The publication of GCSE results today seems to me to be a moment for reflecting upon what these examinations mean to home educating families. One often sees things written by parents who are educating their own children that minimise the importance of GCSEs and suggest that they are hardly worth having, so devalued have they become by so-called 'grade inflation'. This strikes me as a neat excuse for indolence; why should we bother with them, they aren't really worth anything anyway? The truth is that GCSEs are becoming ever more important. Indeed, without them young people face almost insurmountable problems in their future lives.
Let us begin by looking at an article from today's Daily Telegraph:
This article suggests that many universities now use GCSEs to weed out those candidates whom they feel are not really worth bothering with. In other words, they first select those with a string of As and A*s and then chuck out the rest. This process is done regardless of the A levels, OU credits or International Baccalaureate scores. In short: no GCSEs, no consideration. With the squeeze on places at university, this is likely to be even more the case this year and for the foreseeable future. Any young person who wishes to take his pick of universities had better have a clutch of As and A*s at GCSE. Otherwise, he will be restricted to the less prestigious universities or indeed none at all the way things are this year. So for higher education GCSEs are, as I have been saying for years, absolutely vital.
Of course, not everybody wishes to go into higher education. Some young people wish to get jobs at sixteen or eighteen. Here again, the lack of GCSEs is likely to prove a grave disadvantage to them. In its Survey of Employers, published by the Learning and Skills Council in 2006, many employers revealed that they would not even consider giving an interview to a teenager without any GCSEs at all. In fact GCSEs were of huge importance to the potential employers in deciding who they would take. In employment too, as well as in higher education, the lack of GCSEs is a serious handicap for any young person. With rising unemployment, this too will tend to make the GCSEs which an applicant has of crucial importance.
There were two reasons why it seemed to me a wise move to ensure that my daughter had a string of A* GCSEs. Firstly, the information contained in the specifications for these examinations is very useful in itself. Rather than devise a curriculum of my own, the biology, chemistry and physics International GCSE specifications already had in outline the scientific knowledge which a reasonably well educated person should have at her disposal. From that point of view they were valuable for their own sake. They are also useful for making sure that a young person has as many choices as possible in life. My daughter hopes to apply to a Russell Group university. For this, at least six A* GCSEs are indispensable. If, on the other hand, she wished to start work at once, then eight A* GCSEs in academic subjects would impress any potential employer. It is a win-win situation, no matter what she chooses to do. All that we have done is ensure that she has as many options as possible for her future life.
Failing to take all those GCSEs would have curtailed her choices. To give one example. She hopes to apply, as I said, to universities in the Russell Group. The fact that she has been to two summer schools this year, one at Oxford and one at Cambridge universities, will be a great help in this; just what looks good on the personal statement. However, to get on those summer schools in the first place, it was necessary to have a string of A*s. Without them, no summer school.
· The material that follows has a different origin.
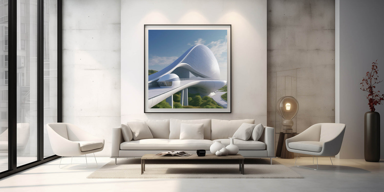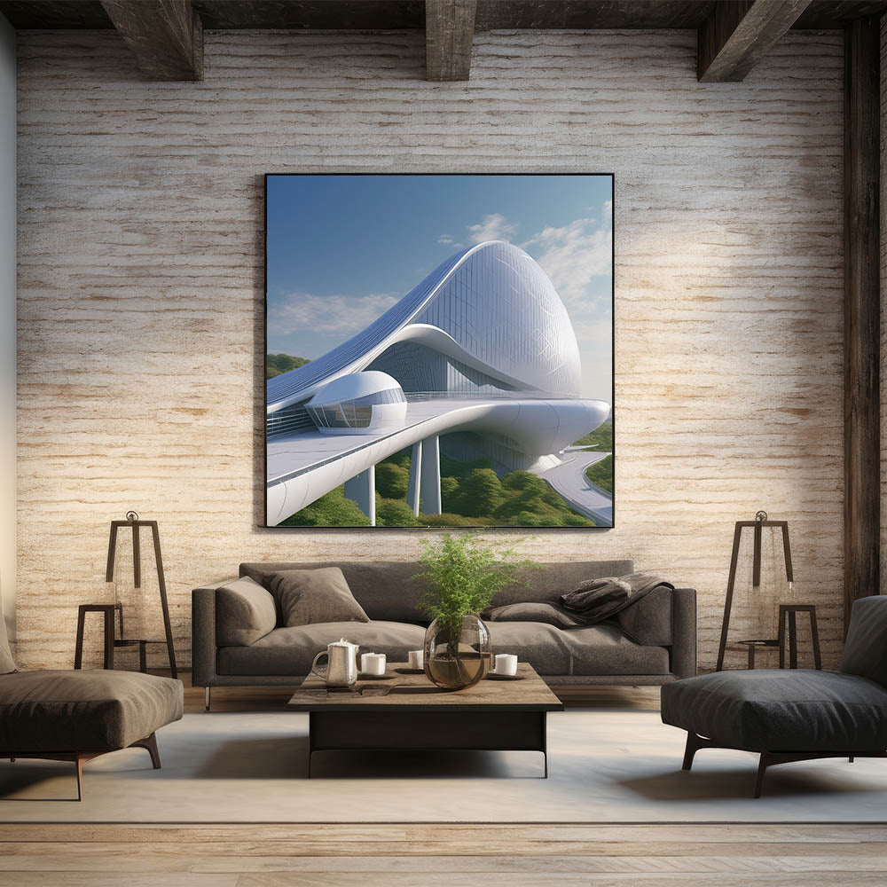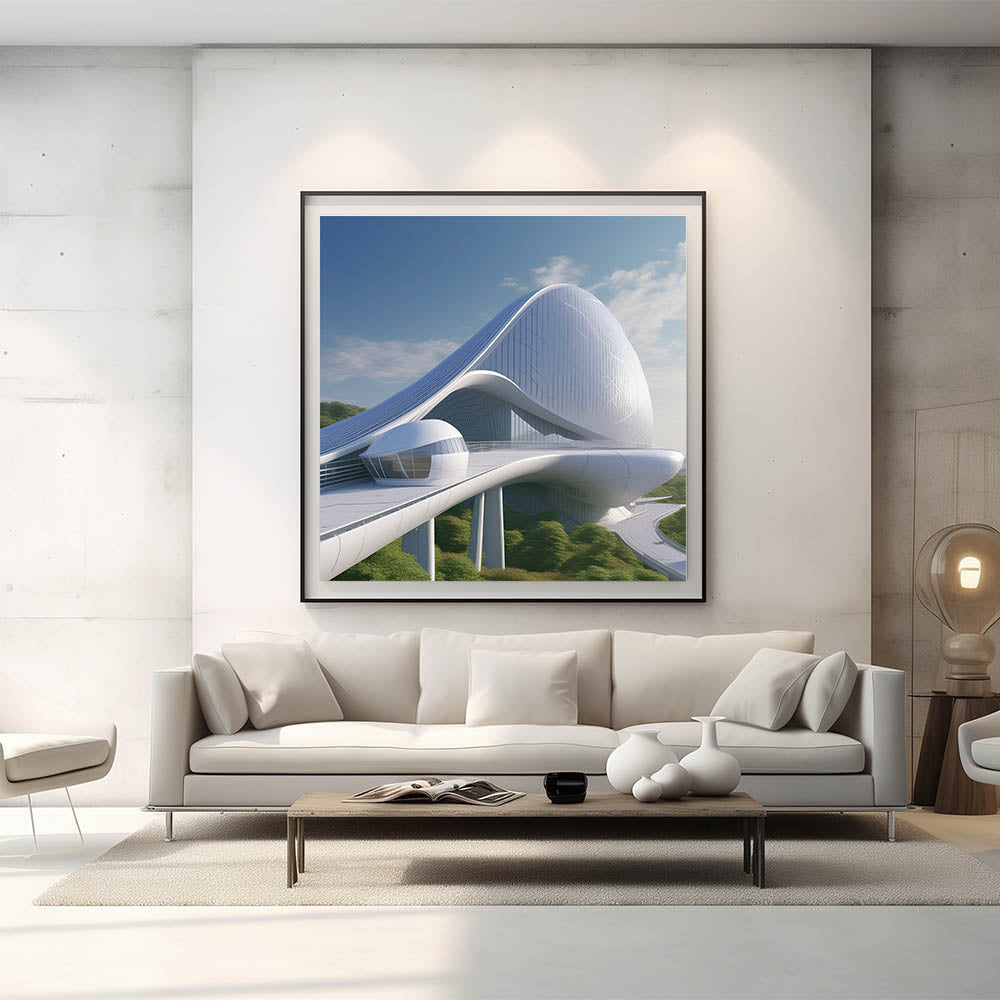 - High-quality museum wall art that captures the essence of futuristic architectural design.

In his judgement in the case of R v Secretary of State for education, ex Parte Talmud Torah Machzikei Hadass School Trust in 1985, Mr Justice Woolf defined a suitable education as one which:
Primarily equips a child for life within the community of which he is a
member, rather than the way of life in the country as a whole, as long as
it does not foreclose the child's options in later years to adopt some
other form of life if he wishes to do so.
It seems to me that by failing to arrange for their children to sit and take GCSEs, many home educating parents are indeed taking an action which will 'foreclose the child's options in later years to adopt some other form of life if he wishes to do so'. Children are not really able to foresee the consequences of not studying for GCSEs and it is not fair to thrust the responsibility for such a serious decision with so far-reaching implications upon them. Few children probably read the Daily Telegraph and will not be aware that in several years time when they might wish to apply to university, that their lack of GCSEs might disqualify them before they have even sent in their UCAS form. As parents though, we know and we have the responsibility to see that their future prospects for either higher education or employment are not wantonly blighted in this way. That is what home education is for parents; a serious of duties and responsibilities to do the best for our children. Those who would shirk these duties by hiding behind some mythical 'right to home educate' and who seek to pass the buck to their children for serious decisions affecting their future life, should think very carefully about the consequences for those children.